We are aware of the prohibition against testimonial compulsion and the allowable exceptions to such proscription. Cases where
non-testimonial compulsion has been allowed reveal, however, that the pieces of evidence obtained were all material to the
principal cause of the arrest.

The constitutional right of an accused against self-incrimination proscribes the use of physical or moral compulsion to extort
communications from the accused and not the inclusion of his body in evidence when it may be material. Purely mechanical acts
are not included in the prohibition as the accused does not thereby speak his guilt, hence the assistance and guiding hand of
counsel is not required. The essence of the right against self-incrimination is testimonial compulsion, that is, the giving of
evidence against himself through a testimonial act. Hence, it has been held that a woman charged with adultery may be
compelled to submit to physical examination to determine her pregnancy and an accused may be compelled to submit to physical
examination and to have a substance taken from his body for medical determination as to whether he was suffering from
gonorrhea which was contracted by his victim;(U.S. vs. Tan Teng, 23 Phil. 145 [1912]) to expel morphine from his mouth; (U.S.
vs. Ong Siu Hong, 36 Phil. 735 [1917]) to have the outline of his foot traced to determine its identity with bloody footprints;
(U.S. vs. Salas, 25 Phil. 337 [1913]; U.S. vs. Zara, 42 Phil. 308 [1921]) and to be photographed or measured, or his garments or
shoes removed or replaced, or to move his body to enable the foregoing things to be done.

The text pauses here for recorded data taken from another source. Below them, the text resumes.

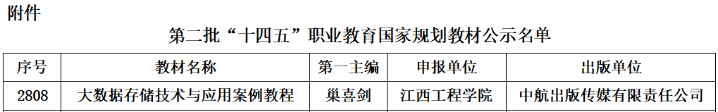 近日,教育部正式公示第二批“十四五”职业教育国家规划教材遴选结果。星空(xingkong)体育官方网站人工智能与数据科学学院巢喜剑教师团队主编的《大数据存储技术与应用案例教程》成功入选。这是学校首次跻身国家级规划教材行列,实现了教材类国家级标志性成果“零的突破”,标志着我校教育教学资源建设迈上新台阶。在此次遴选工作中,江西省同类本科高校仅2所院校的2部教材入选,星空(xingkong)体育官方网站赫然在列。
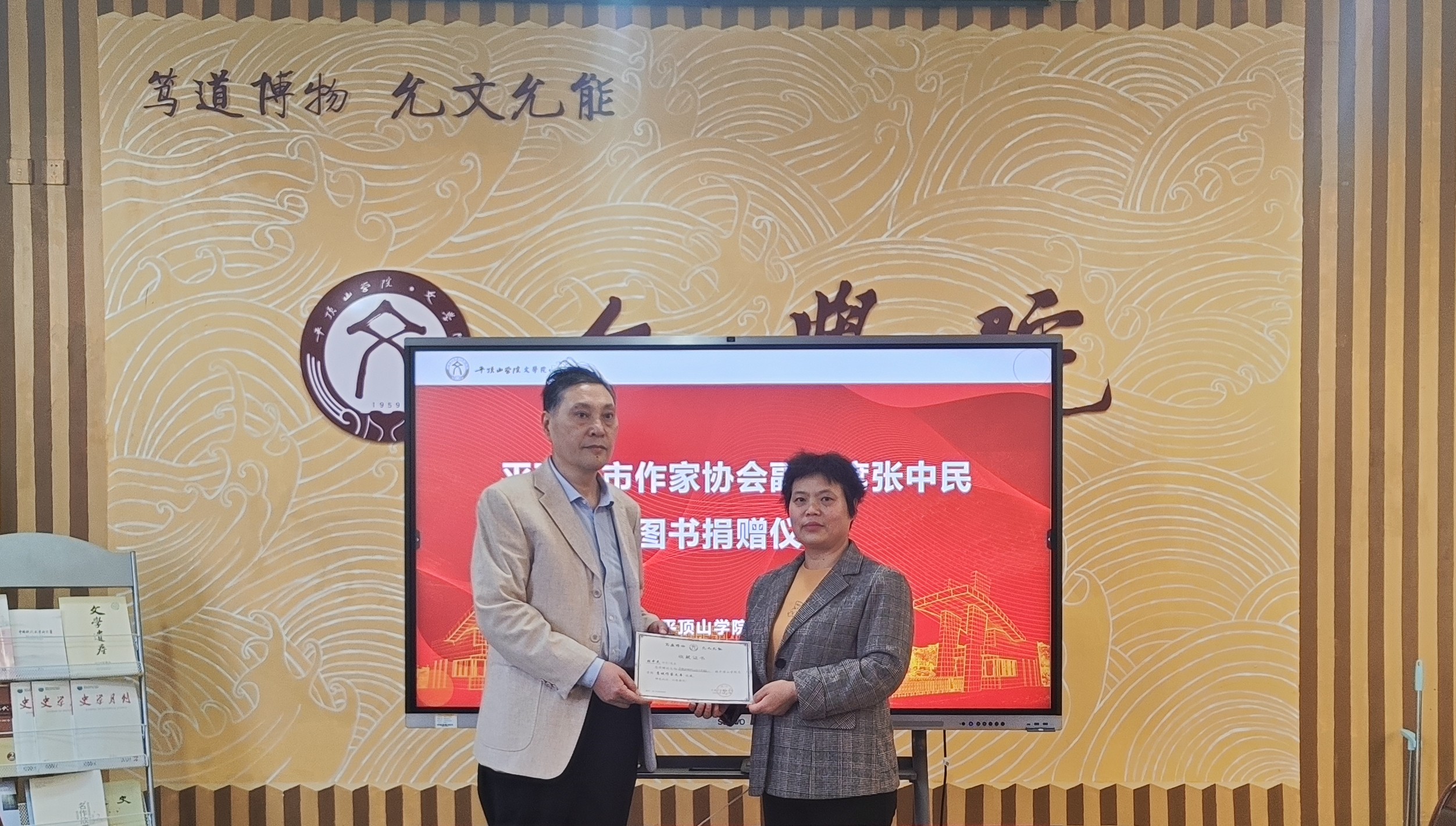 报告开始前,平顶山市作家协会副主席张中民图书捐赠仪式在公司1301会议室举行,张中民向伟的国际1946bv官网“鹰城作家文库”赠送其新近出版的长篇小说《远方有多远》,短篇小说集《奔跑的蚂蚁》,伟的国际1946bv官网副经理赵焕亭向张中民颁发了作品收藏证书。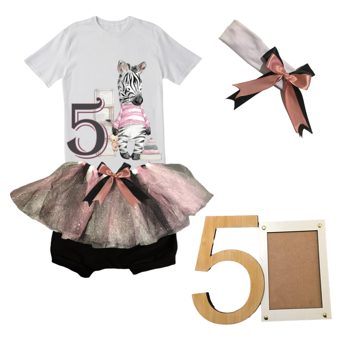 5th Birthday|Zebra Pink Tutu Outfit|Short Sleeve With Photo Frame | 5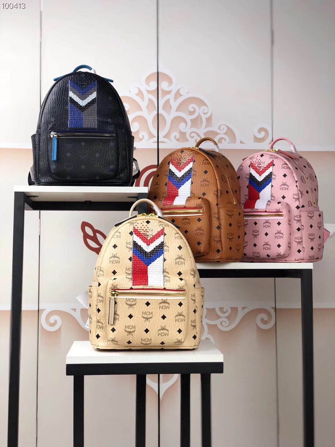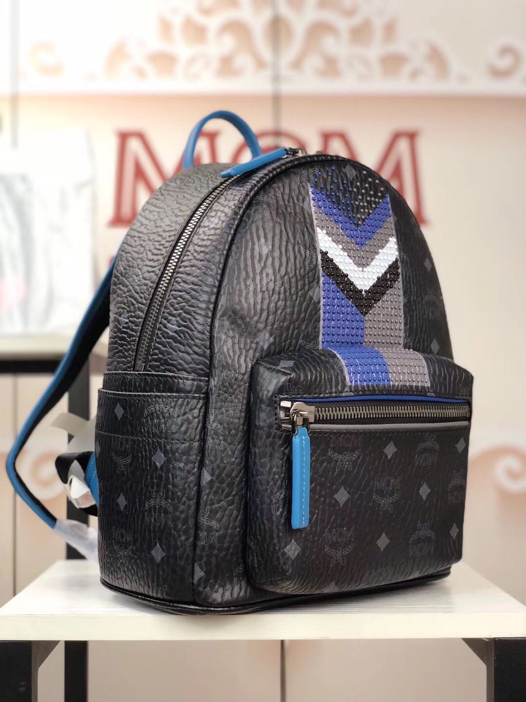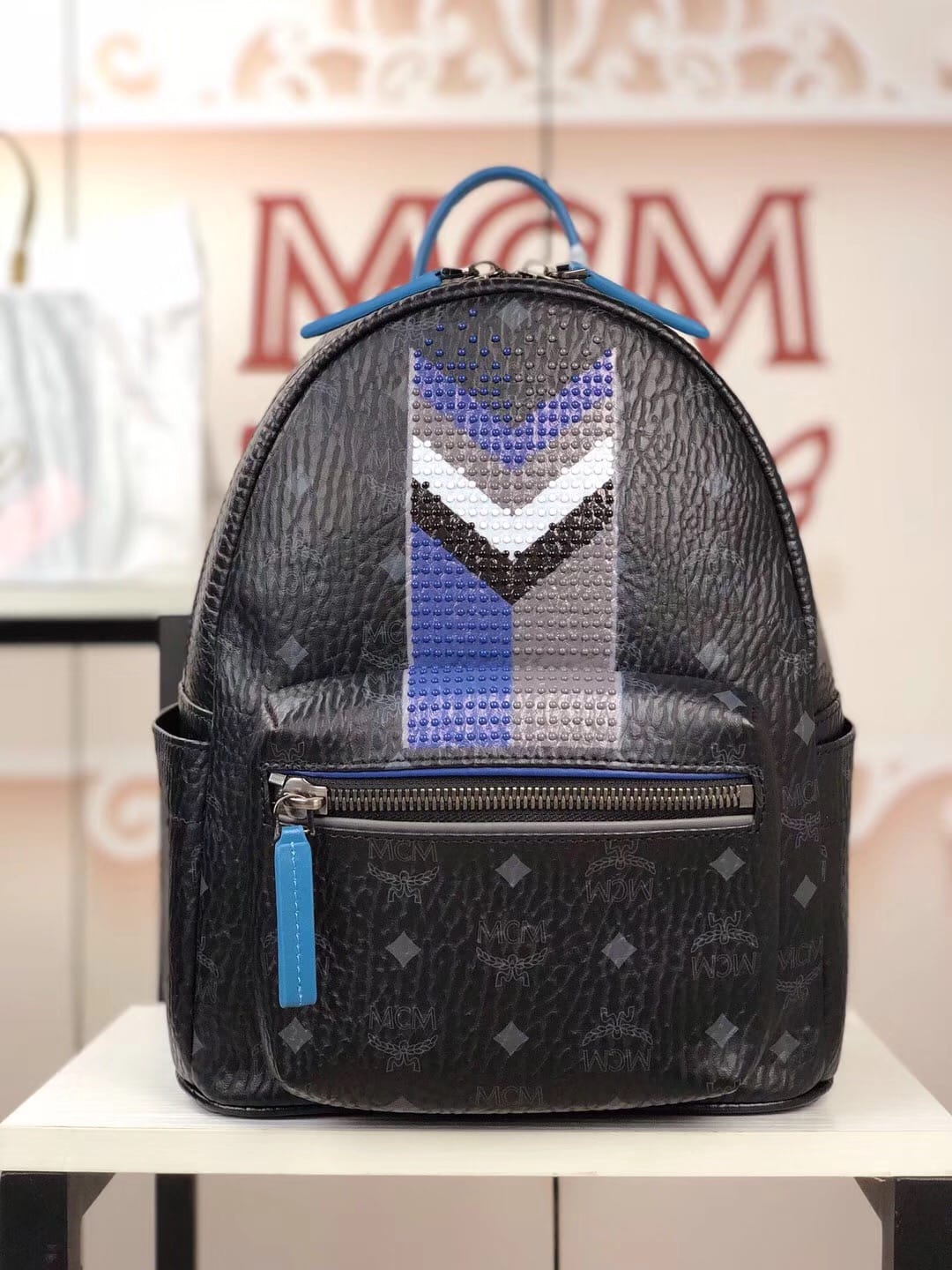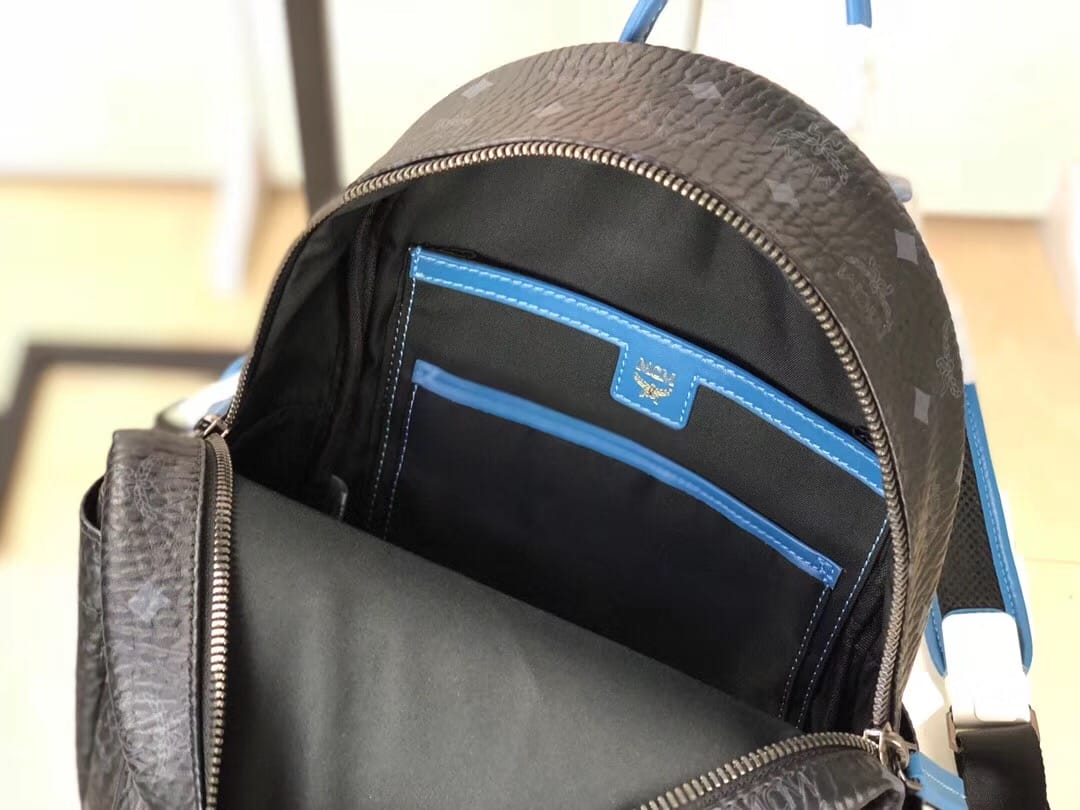 编码:5910 -新款上市-原单货 MCM STARK CHEVRON系列时尚V字型条纹彩虹?钉新款经典印花logo双肩包?背包采用优质网眼材料 提高舒适性和透气性 总共配备多个口袋和一个内置平板电脑?隔层 可为你的所有需品提供充足存放空间 小号:27.33.14 中号:34.41.16

In the instant case, we fail to see howa urine sample could be material to the charge of extortion. 1âwphi1 The RTC and the CA,
therefore, both erred when they held that the extraction of petitioner’s urine for purposes of drug testing was "merely a
mechanical act, hence, falling outside the concept of a custodial investigation."

The drug test was a violation of petitioner’s right to privacy and right against self-incrimination.

It is incontrovertible that petitioner refused to have his urine extracted and tested for drugs. He also asked for a lawyer prior to his
urine test. He was adamant in exercising his rights, but all of his efforts proved futile, because he was still compelled to submit
his urine for drug testing under those circumstances.